Er zijn ook ontwikkelingen rond het verzamelen van data met toestellen met een 4G simkaart en enkele poorten waar je diverse sensoren aan kan koppelen zoals een weersstation of een waterpeilsensor om beter te kunnen irrigeren. Dat is iets om in de toekomst in het oog te houden.
Lees ook
De sky is the limit
“Data verzamelen is zeker een ding. In de landbouw worden al volgsystemen gebruikt om te weten wanneer een tractor binnen moet voor onderhoud, zoals bij auto’s. Die ontwikkeling manifesteert zich nu ook in de tuinbouw. Nog in de landbouw is er de trend van carbon farming waarbij je de CO2 in de grond wil laten. Daarbij wordt er minder diep en minder intensief geploegd en wordt er meer ingezet op lichtere grondbewerking. Om de bodemverdichting tegen te gaan, zijn alle merken bezig met machines met een lagere bandendruk, inclusief modellen waarbij je de bandendruk al rijdend kan aanpassen. In de tuinbouw zie ik die trend voorlopig minder, maar de technologie is dus al aanwezig en kan in de toekomst uit de landbouw worden overgenomen.”

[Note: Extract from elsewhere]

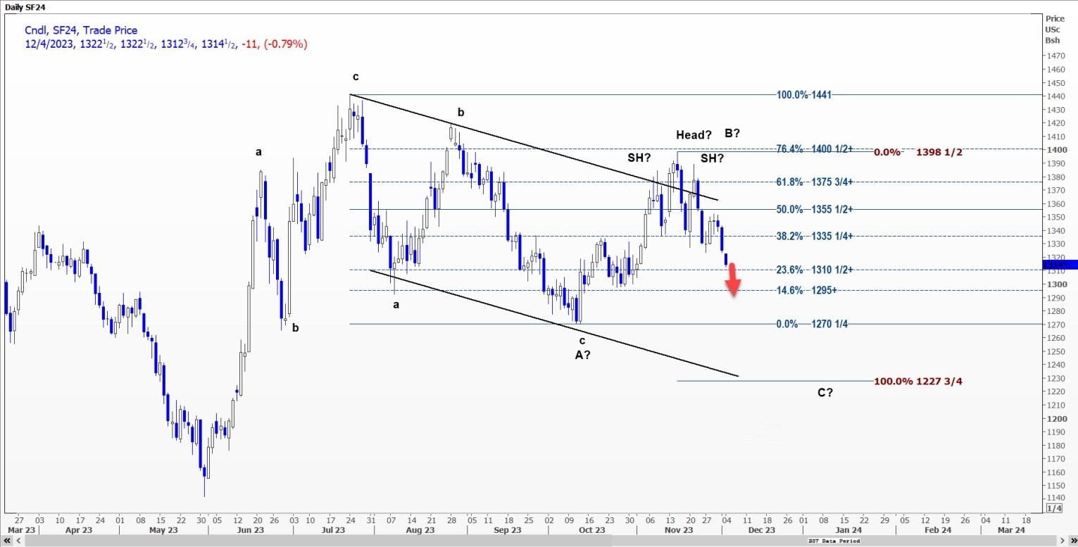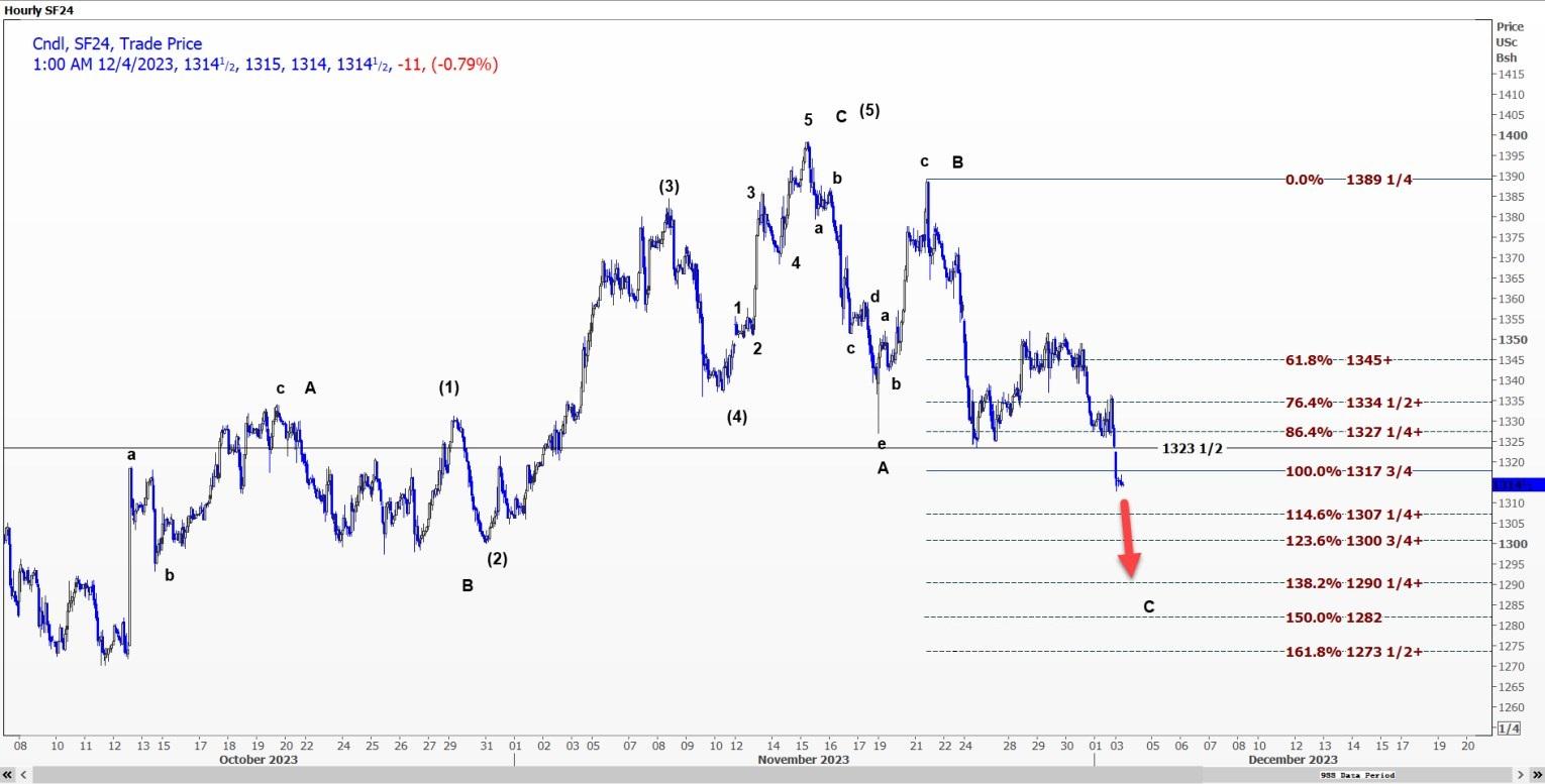 受C波推动,CBOT大豆1月合约SF24可能跌至每蒲式耳13.0075美元至13.0725美元区间。

Welke boodschap wil je onze lezers verder nog meegeven? “De aanhangers van verbrandingsmotoren raad ik toch aan om op demonstraties batterijtoepassingen eens uit te testen. Die van vandaag zijn al lang niet meer dezelfde als die van drie of vijf jaar geleden. En de technologie verandert dagdagelijks, dus daar geldt zeker dat de sky the limit is. Dan zullen we in stedelijke context ook professionele batterij-aangedreven hakselaars aan het werk zien, waar die nu nog niet helemaal op punt staan. Maar van de machines die wel op punt staan, loont het absoluut de moeite om wat meer te investeren. Ze vragen amper onderhoud, op de volledige levensduur win je het uit en intussen heb je er genot van.”